We are developing a method to get cholesterol binding our nano particle through hydrophobic interaction. The cholesterol we have is solved in chloroform.
An Elisa is extremely sensitive and should work. I would just dilute your cholesterol directly into water first, and make sure the chloroform concentration is low in the Elisa, ie minimally less than 1%. I would run the standard curve with the same amount of chloroform. I have not done it, but I do think it would work. I have used etoh with estrogen, derivatives and those worked.
I have tried with weird results, since organic solvents interefere with enzymatic determinations. A possibility is to add the solution to a well and let the solvent dry. But I currently use the method described in
Int J Obes . 2013 Apr;37(4):576-83.
Low doses of grape seed procyanidins reduce adiposity and improve the plasma lipid profile in hamsters.
Caimari A, del Bas JM, Crescenti A, Arola L.

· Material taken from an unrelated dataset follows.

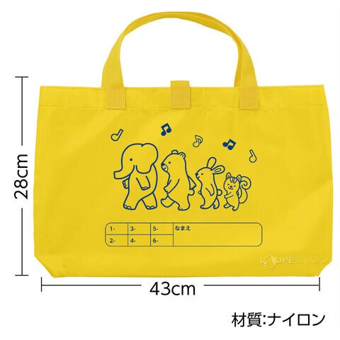 - かわいい動物デザインのナイロン製おけいこバッグです。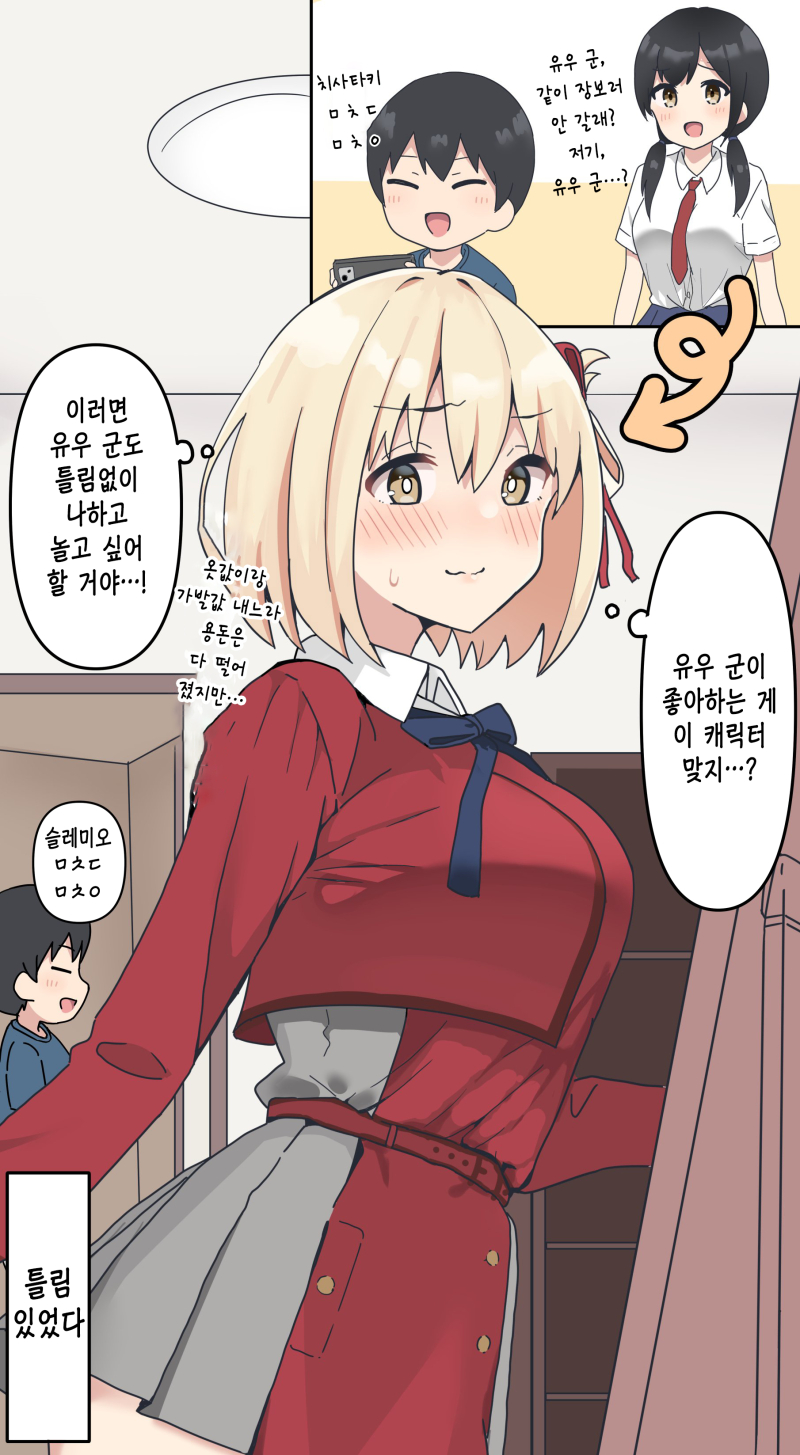 rhtjdud 브라콘 누나는 오타쿠 남동생에게 관심받고 싶다 작성일시 : 2025. 12. 12 (00:50) 조회 : 272 / 댓글 : 2 우연히 발견한 일본 오리지널 웹코믹을 한국어로 번역한건데 누나가남동생에게 관심을 끌기 위해 코스프레를 하는데 캐릭터들 보니까리코리스 리코일의 니시키기 치사토, 스파이 패밀리의 아냐 포저,케이온의 나카노 아즈사, 봇치 더 록의 고토 히토리가 있네요^^ 출처(링크) : https://blog.naver.com/sniperriflesr2/222935560810 5추천 글쓰기스크랩 신고

The organic solvent is evaporated under N2 and lipids resuspended in an aquous buffer by sonication. The buffer used is suitable for enzymatic determination of cholesterol. If you think this approach would work for you I can send you the protocol.
Thanks for your answer Josep, We are using almost similar process in a way but because it is new for us and have not done it before so I would be grateful if you could send the protocol to me.
Thx Macia för your comment, I think ELISA will not work for us because the final concentration is to low but we ail try that in a few weeks.
I suggest you to try GC analysis on RTX-65 TG capillary column that allows to separate not only sterols but even diglycerides and triglycerides in a single analysis without derivatization. I used this method to determine cholesterol concentration in eggs.